Within the attacking unit, nobody is quite sure what central role veterans Alan Dillon and Andy Moran could or should play this year. The half-forward line is a work in progress. Mayo have a number of skilful if similar corner-forwards. So O'Connor is the constant presence and the attack revolves around his lean frame.
Highest scorer
In 2012, he finished 7th in All-Ireland top-scoring charts. Last year, he hit 6-22 in five games and was comfortably the highest scorer, averaging 0-8 per game. There was a national sense of disappointment after Mayo’s recent two failures and when the analysis kicked in, the fingers were pointed at the forwards. In the off-season chatter it was suggested that Mayo needed a ‘Michael Murphy’ type forward.
Given the scores Mayo posted last summer – 4-16, 0-21, 5-11, 4-17, 1-16, 1-14 – pinning failure on the forward line seems unfair and too obvious. But they posted their lowest total in the most important match of the year. O’Connor is is aware that there is a debate going on and smiles at the idea that he might find himself trawling through online forums to find out what people are saying.

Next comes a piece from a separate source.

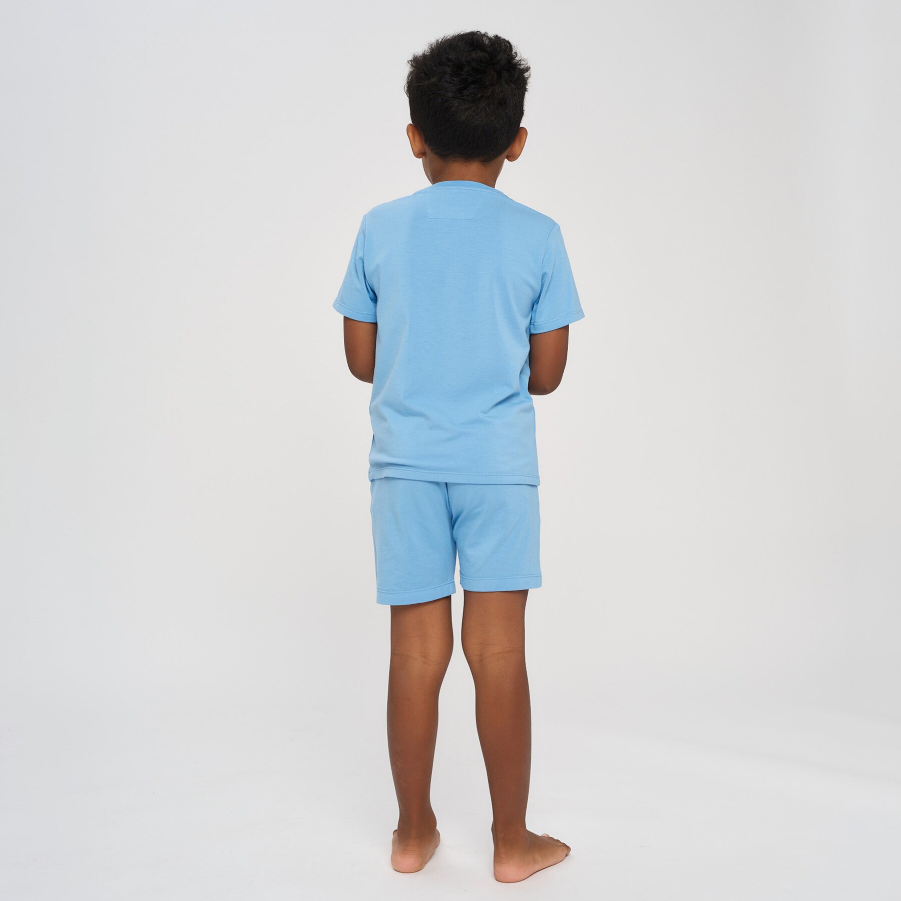 T-skjorte og shorts laget i en blanding av 65 % bambusviskose, 29 % økologisk bomull og 6 % elastan – som gir en utrolig myk følelse mot huden, samtidig som det er pustende, hurtigtørkende og fleksibelt.

Although O’Connor is still just 22, there is an iron-like sense of self-possession.
“It doesn’t bother me. I would have heard people say that but it doesn’t bother me in the slightest . . As long as the Mayo management team think I am playing well and am worthy of a squad position then I am happy. They would be the only ones I am trying to impress. After that you have take everything with a pinch of salt.
“ The people in the loop – genuine football people can weigh things up themselves. . We will have our own review and that is all that matters for us.”

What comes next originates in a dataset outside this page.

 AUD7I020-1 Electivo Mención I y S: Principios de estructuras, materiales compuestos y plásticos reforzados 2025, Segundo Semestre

Talk to anyone involved with Mayo now and self-reliance is the abiding theme. They have insulated themselves from Mayo’s harrowing run of All-Ireland defeats to a degree that is admirable, using analysis and Horan’s investment in logic to rationalise their failures and then return the next season even more hard-bodied and strong-willed.
It seems none of them are paying much attention to what has happened in the other provinces this summer. O’Connor played for Ballintubber against Crossmolina on the day of the Ulster and Leinster football finals and just didn’t watch them.

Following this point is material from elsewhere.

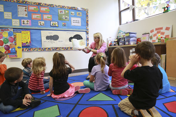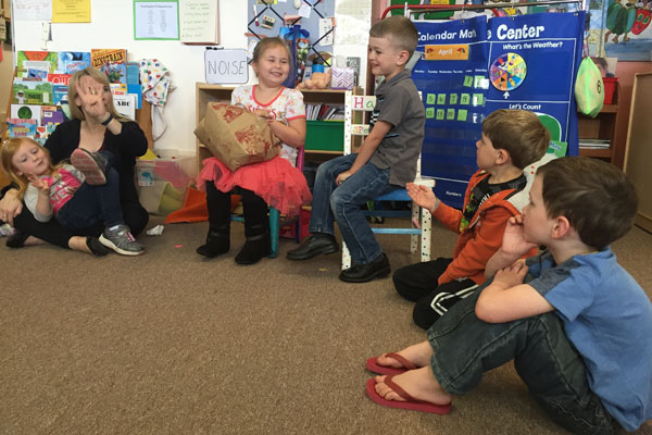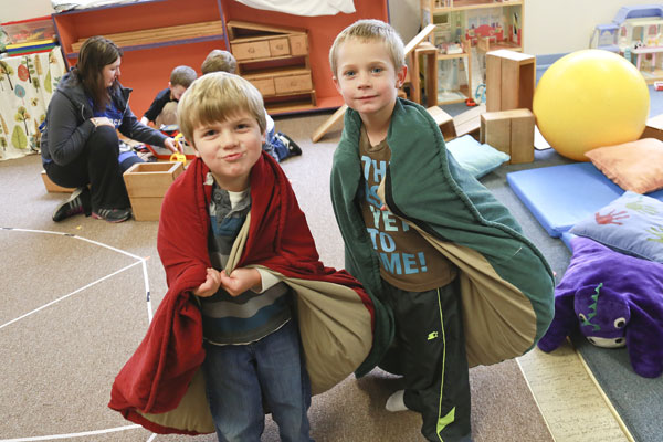 The capacity for Group C is 16 children. There are three working parents in this group in addition to the teacher. Our oldest class begins the day in a circle time that stretches the children’s ever-expanding attention spans. Their growing social skills are utilized in the practice of turn-taking, respectful listening, and peer acceptance. Group C participates in school-readiness center times that encompass and advance developmental goals. Also included in each school day are group times for story and music, snack, and outside play. In May, each student leaves with a portfolio representing their work throughout the year.

“Watching them can be a distraction, I would say . . . we would look to the next training game we have ourselves . . . . We are just worrying about our own game.”
O'Connor has yet to reach his full potential but even so can feel the ground shift beneath him. Just the other day, he found himself thinking that it was strange that all the kids he knew from U-16 or minor were now playing senior football. He has watched the startling progress made by players like Stephen Coen and Adam Gallagher.
Minor side
His brother Diarmuid is fresh off the All-Ireland-winning minor side and in the Mayo squad. Their presence is a reminder that another year has passed. None of his brother’s generation wants for confidence.
“They have that confidence and it is great. They bring it to the senior set-up and even the build up to big games and the crowd and how to block out the chatter...they have been there before. Diarmuid is always trying to look for an edge. I have played maybe four times with him in the club and four or five with Mayo. It is strange. He is hungry and the way you are at 18 or 19, you have no respect for reputations or big names, they are just mad for playing and that they are the kind of people you need in there.”
This weekend is the point of no return for Mayo. Their goal at Croke Park is an All-Ireland title – nothing else.
The venue has provided some bleak days but also some good ones. “I think it is a brilliant place to play and I love it there,” says O’Connor with conviction. “We have had two huge disappointments there but we have had some of our best performances there too. And hopefully we can get a 70-minute performance there on the 3rd.”